Data for processing
————————
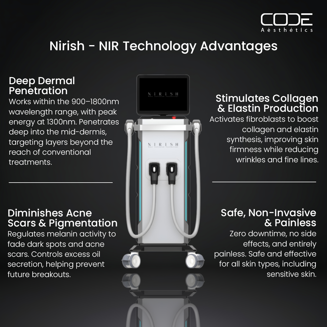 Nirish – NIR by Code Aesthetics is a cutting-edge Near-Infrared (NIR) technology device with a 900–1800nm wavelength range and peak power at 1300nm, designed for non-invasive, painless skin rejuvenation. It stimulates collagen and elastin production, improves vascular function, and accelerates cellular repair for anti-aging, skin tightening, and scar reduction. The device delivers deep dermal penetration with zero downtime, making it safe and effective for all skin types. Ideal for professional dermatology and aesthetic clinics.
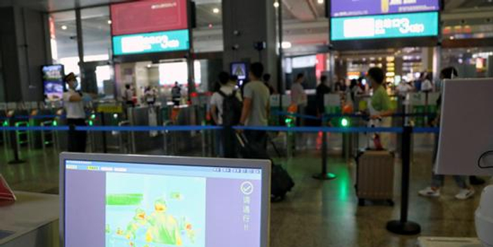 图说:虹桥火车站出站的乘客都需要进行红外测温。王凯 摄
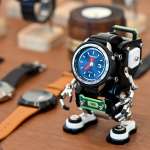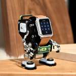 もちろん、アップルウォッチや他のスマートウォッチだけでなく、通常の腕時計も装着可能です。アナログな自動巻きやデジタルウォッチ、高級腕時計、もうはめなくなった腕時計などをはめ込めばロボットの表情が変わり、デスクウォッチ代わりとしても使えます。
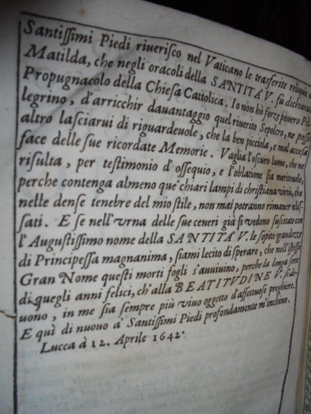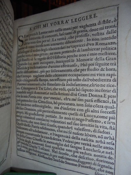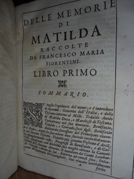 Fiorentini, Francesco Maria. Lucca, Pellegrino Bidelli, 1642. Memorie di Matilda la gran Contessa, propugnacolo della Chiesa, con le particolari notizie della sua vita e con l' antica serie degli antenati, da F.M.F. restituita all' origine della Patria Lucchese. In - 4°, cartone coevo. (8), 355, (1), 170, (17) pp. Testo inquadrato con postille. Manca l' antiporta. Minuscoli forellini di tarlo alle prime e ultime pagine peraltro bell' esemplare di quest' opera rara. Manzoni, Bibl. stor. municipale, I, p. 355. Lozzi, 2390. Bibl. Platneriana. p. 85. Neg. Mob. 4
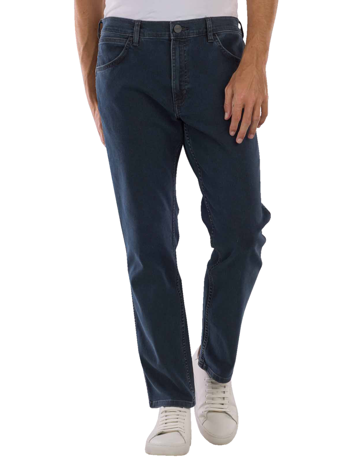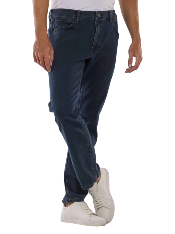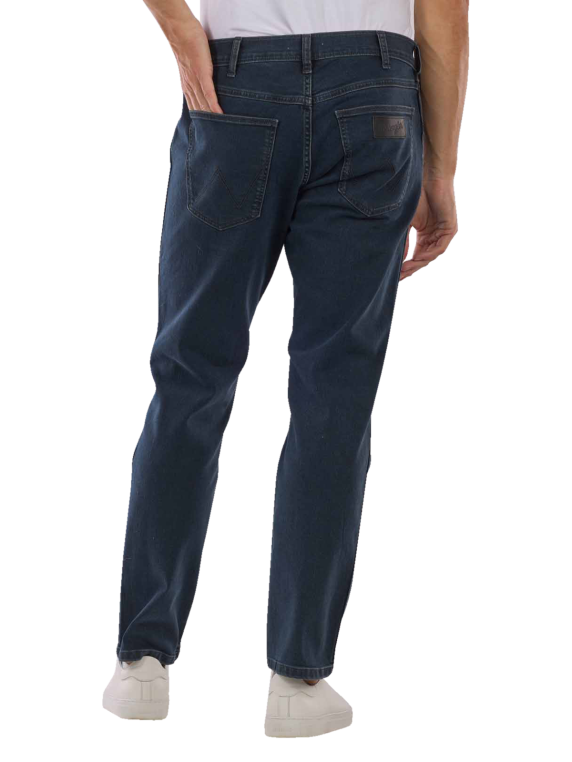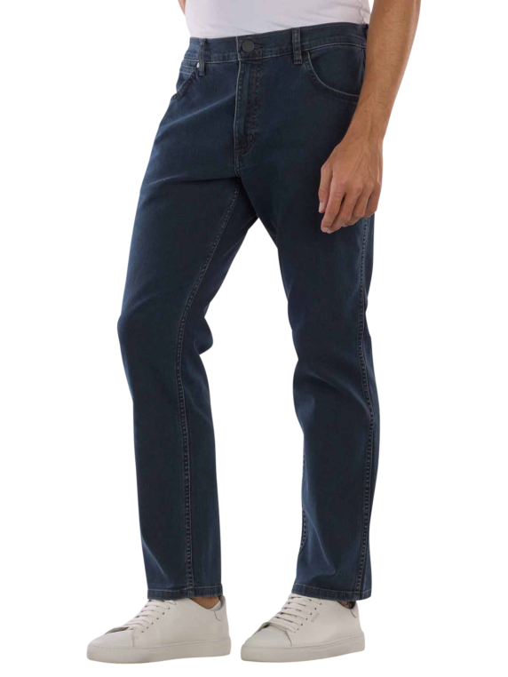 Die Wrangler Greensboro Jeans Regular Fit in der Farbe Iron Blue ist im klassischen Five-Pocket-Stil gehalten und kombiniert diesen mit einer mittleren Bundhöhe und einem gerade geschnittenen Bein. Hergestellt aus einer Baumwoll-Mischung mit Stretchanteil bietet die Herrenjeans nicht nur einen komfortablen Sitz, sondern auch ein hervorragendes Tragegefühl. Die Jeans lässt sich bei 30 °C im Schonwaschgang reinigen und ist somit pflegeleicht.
————————
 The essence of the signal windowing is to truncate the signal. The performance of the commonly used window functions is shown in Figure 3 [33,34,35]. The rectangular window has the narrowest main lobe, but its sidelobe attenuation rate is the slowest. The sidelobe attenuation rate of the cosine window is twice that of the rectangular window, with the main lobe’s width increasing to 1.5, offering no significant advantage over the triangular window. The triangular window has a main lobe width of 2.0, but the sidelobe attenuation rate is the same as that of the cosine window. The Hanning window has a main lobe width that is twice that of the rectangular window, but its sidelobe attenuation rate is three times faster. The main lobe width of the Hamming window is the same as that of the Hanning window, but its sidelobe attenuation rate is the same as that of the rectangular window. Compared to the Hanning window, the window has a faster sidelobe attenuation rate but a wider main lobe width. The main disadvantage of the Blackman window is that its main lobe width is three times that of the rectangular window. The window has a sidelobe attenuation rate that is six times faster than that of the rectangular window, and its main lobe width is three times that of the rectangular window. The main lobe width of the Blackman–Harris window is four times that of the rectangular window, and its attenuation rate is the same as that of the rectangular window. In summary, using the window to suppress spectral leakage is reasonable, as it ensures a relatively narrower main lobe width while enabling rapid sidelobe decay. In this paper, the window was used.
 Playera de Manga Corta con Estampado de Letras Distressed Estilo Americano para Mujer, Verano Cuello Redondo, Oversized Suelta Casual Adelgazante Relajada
————————
What you have to do
Leave the pictures out, and transcribe exactly the lines above starting at the one that contains "Nirish – NIR" and ending at the one that contains "もちろん、アップルウォッチや".

Response for this exercise
 Nirish – NIR by Code Aesthetics is a cutting-edge Near-Infrared (NIR) technology device with a 900–1800nm wavelength range and peak power at 1300nm, designed for non-invasive, painless skin rejuvenation. It stimulates collagen and elastin production, improves vascular function, and accelerates cellular repair for anti-aging, skin tightening, and scar reduction. The device delivers deep dermal penetration with zero downtime, making it safe and effective for all skin types. Ideal for professional dermatology and aesthetic clinics.
 图说:虹桥火车站出站的乘客都需要进行红外测温。王凯 摄
 もちろん、アップルウォッチや他のスマートウォッチだけでなく、通常の腕時計も装着可能です。アナログな自動巻きやデジタルウォッチ、高級腕時計、もうはめなくなった腕時計などをはめ込めばロボットの表情が変わり、デスクウォッチ代わりとしても使えます。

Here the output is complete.